One way to ensure the situation doesn't get out of control is to make full use of your enterprise resource planning (ERP) software. Utilizing the built-in tools effectively will help you make wise credit control decisions and prevent your own business from being put in jeopardy due to unpaid invoices.
The realities of extending customer credit
- Extending credit in the B2B world is unavoidable if you don’t want your customers to go elsewhere
- It’s your responsibility to ensure customer credit controls are in place to prevent a spiralling situation that impacts your cash flow
- Your ERP platform can be used to create checks, set reminders and automate the process
Types of credit control policy
Defining your credit control policy from the start is vital in order to understand how your business will be run. There are a number of factors that play into the decision to offer different arrangements, from the resources at your disposal to how appealing your standpoint will be to potential customers.
1. Restrictive credit control policy
This approach comes with the lowest amount of risk and is often adopted by business owners with limited cash flow. It also works well for companies that have a monopoly on the market and know they’re less likely to lose their clients to their competitors.
2. Moderate credit control policy
If you’re keen to expand your business and are in a position where you can take on more risk, a moderate policy may apply. This route can help you appeal to organizations that are only deemed to have mediocre creditworthiness and therefore have limited options.
3. Liberal credit control policy
Only the biggest companies with the ability to absorb risk can afford to adopt a liberal approach to their credit control practices. In doing so, they increase their market share and can grow exponentially knowing all types of customers can work with them.
Track your customers’ real-time credit standing
Before extending credit to any organization, it’s vital your potential customer completes a credit application. This must be followed up with due diligence measures, such as contacting their trade references, gathering information from credit agencies and requesting recent financial statements.
Once these initial checks have been carried out, you can then use your ERP platform to see your customers’ credit status in real time. Everything from agreed payment terms, credit limits, balance due amounts and open orders, available credit, average days to pay and percentage over limit allowed should be displayed at a glance.

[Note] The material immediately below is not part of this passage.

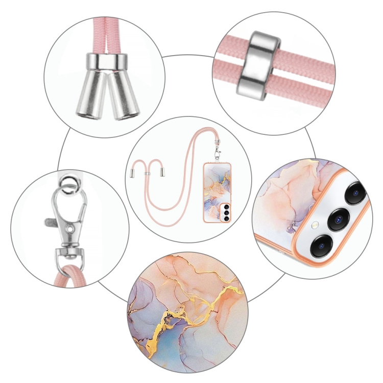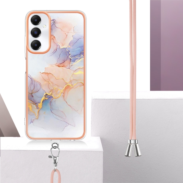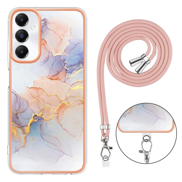 Estuche para Teléfono Samsung Galaxy A05S Imd TPU con Galvanoplastia y Cordón (Mármol Blanco)

Accessible information for everyone
Every department of your organization can access the client information stored on the ERP platform. This offers a level of unparalleled consistency and transparency, meaning no area of the business should be making decisions about extending credit without having all the details at their disposal.

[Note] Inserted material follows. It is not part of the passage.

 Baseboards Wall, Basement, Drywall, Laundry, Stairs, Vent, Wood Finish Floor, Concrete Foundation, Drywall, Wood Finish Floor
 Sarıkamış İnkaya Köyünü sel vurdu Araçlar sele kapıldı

A simple and easy-to-use interface makes collating the information efficient, minimizing the opportunity for mistakes or an erroneous interpretation of the facts. This means customers can expect a consistent approach from all areas of your business each and every time.
Use your ERP software to automate reminders
All of the credit data stored within your ERP software makes automating payment reminders efficient. While it can feel jarring to the customer relationship to ask for money, leaving it to the system means you don’t have to think about it and every organization is treated fairly.

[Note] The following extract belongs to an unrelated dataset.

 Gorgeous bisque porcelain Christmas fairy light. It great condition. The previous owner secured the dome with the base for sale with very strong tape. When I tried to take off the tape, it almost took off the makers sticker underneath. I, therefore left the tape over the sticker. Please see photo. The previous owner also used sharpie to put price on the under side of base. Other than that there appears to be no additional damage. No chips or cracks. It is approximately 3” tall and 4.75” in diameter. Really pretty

This means your clients will get used to having regular reminders that payments are due, notifications when invoices have not been paid on time and urgent calls to settle debt. Such automation means faster payment processing and cuts down on the risk of bad debt accumulating.
Create comprehensive reports
ERP software can be used to create regular reports based on all the data saved within the system. Analyze these reports to gain a better understanding of clients who delay payments and their behavior patterns. This information will help you to tweak your credit control policies for customers that don’t pay on time and plan for the future of their accounts.
These reports should also inform the development of strategies for determining when to extend credit. The more you know about the types of organizations you work with and what is expected in different industries, the better you can forecast invoice payments and ensure you’re not putting undue stress on your own company.
Minimize bad debt and maintain cash flow
Armed with all the information about your customers’ past dealings, their real-time situation with you and forecasts for the future, you can stay in control. You can make informed decisions that decrease the chances of bad debt accumulating and show how circumstances may affect your cash flow ahead of time.
Your ERP system should notify you when a client exceeds their credit limit. This enables you to prevent it from spiralling out of control. Letting customers rack up large amounts of credit is not beneficial to your business relationship, so managing it through your ERP is best for all parties.